▶ ACTIVITY
Throughout the entries below, report every line where "with" is found.

▶ AVAILABLE DATA
>>

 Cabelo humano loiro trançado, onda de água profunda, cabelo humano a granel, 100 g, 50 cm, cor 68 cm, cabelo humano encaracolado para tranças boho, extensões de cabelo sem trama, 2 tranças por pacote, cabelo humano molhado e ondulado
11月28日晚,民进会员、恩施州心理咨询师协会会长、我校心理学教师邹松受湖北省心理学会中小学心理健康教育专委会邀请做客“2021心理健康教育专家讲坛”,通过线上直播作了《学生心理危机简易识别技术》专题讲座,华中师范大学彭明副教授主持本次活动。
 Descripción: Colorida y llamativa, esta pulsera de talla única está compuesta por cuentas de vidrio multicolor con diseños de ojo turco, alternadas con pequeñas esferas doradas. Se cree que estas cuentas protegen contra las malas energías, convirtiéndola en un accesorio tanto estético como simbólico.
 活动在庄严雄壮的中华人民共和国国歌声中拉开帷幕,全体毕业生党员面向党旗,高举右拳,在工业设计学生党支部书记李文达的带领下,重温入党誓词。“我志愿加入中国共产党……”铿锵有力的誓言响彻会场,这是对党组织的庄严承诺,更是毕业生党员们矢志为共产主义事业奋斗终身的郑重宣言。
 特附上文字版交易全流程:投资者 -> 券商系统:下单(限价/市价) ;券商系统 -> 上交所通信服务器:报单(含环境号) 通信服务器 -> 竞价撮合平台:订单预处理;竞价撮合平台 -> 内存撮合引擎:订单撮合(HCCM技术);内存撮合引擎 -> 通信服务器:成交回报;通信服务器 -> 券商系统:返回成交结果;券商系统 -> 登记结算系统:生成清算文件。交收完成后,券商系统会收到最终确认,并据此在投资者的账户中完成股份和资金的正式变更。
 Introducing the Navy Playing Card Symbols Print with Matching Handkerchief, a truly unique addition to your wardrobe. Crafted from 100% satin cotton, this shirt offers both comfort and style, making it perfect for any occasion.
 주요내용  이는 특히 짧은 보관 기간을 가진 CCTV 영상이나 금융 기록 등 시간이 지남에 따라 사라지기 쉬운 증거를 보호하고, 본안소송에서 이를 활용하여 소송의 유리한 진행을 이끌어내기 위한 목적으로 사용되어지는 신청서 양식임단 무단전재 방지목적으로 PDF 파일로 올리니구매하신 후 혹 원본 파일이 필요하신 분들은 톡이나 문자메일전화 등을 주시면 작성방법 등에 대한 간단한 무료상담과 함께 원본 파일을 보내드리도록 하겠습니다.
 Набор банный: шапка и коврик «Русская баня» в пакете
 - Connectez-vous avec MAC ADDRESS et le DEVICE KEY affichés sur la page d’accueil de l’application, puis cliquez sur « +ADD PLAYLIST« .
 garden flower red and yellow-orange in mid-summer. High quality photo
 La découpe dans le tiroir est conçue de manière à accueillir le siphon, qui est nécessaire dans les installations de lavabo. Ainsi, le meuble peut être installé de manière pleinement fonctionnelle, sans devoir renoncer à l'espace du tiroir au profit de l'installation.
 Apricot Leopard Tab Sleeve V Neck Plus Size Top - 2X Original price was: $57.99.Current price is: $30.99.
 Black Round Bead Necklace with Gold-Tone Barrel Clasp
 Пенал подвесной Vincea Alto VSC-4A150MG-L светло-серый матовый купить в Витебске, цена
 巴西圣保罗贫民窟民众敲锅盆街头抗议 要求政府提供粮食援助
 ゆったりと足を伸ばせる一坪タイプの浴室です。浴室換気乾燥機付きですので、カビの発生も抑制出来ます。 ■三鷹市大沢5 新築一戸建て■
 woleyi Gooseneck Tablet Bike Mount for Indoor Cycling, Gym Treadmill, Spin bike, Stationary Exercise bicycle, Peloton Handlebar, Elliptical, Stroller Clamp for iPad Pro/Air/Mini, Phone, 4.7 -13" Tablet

<<

▶ WRITTEN RESPONSE
 Introducing the Navy Playing Card Symbols Print with Matching Handkerchief, a truly unique addition to your wardrobe. Crafted from 100% satin cotton, this shirt offers both comfort and style, making it perfect for any occasion.
 Black Round Bead Necklace with Gold-Tone Barrel Clasp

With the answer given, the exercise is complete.